● **RECORDED INFORMATION**:
----------------

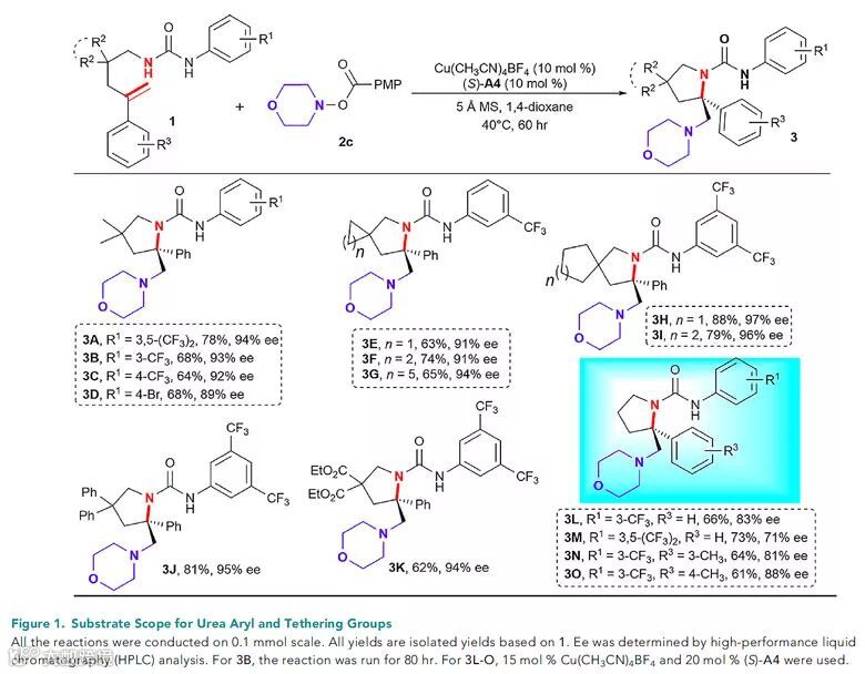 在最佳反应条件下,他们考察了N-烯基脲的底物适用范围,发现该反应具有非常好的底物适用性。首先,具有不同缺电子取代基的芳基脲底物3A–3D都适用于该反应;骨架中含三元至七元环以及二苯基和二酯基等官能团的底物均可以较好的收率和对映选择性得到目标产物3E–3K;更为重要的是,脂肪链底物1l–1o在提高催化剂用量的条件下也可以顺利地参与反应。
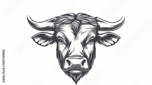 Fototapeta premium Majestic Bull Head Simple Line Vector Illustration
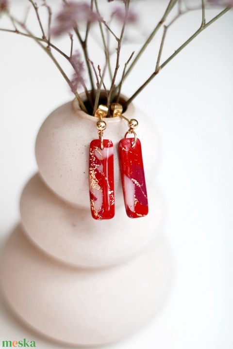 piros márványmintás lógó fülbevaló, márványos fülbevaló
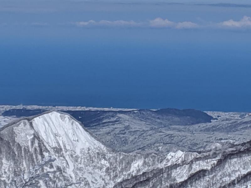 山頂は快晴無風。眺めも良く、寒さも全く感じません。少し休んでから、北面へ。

----------------

● **WORK INSTRUCTION**: Transcribe the preceding listing in its entirety and with exact wording, leaving out pictures.

● **REPLY TO THE TASK**:
 在最佳反应条件下,他们考察了N-烯基脲的底物适用范围,发现该反应具有非常好的底物适用性。首先,具有不同缺电子取代基的芳基脲底物3A–3D都适用于该反应;骨架中含三元至七元环以及二苯基和二酯基等官能团的底物均可以较好的收率和对映选择性得到目标产物3E–3K;更为重要的是,脂肪链底物1l–1o在提高催化剂用量的条件下也可以顺利地参与反应。
 Fototapeta premium Majestic Bull Head Simple Line Vector Illustration
 piros márványmintás lógó fülbevaló, márványos fülbevaló
 山頂は快晴無風。眺めも良く、寒さも全く感じません。少し休んでから、北面へ。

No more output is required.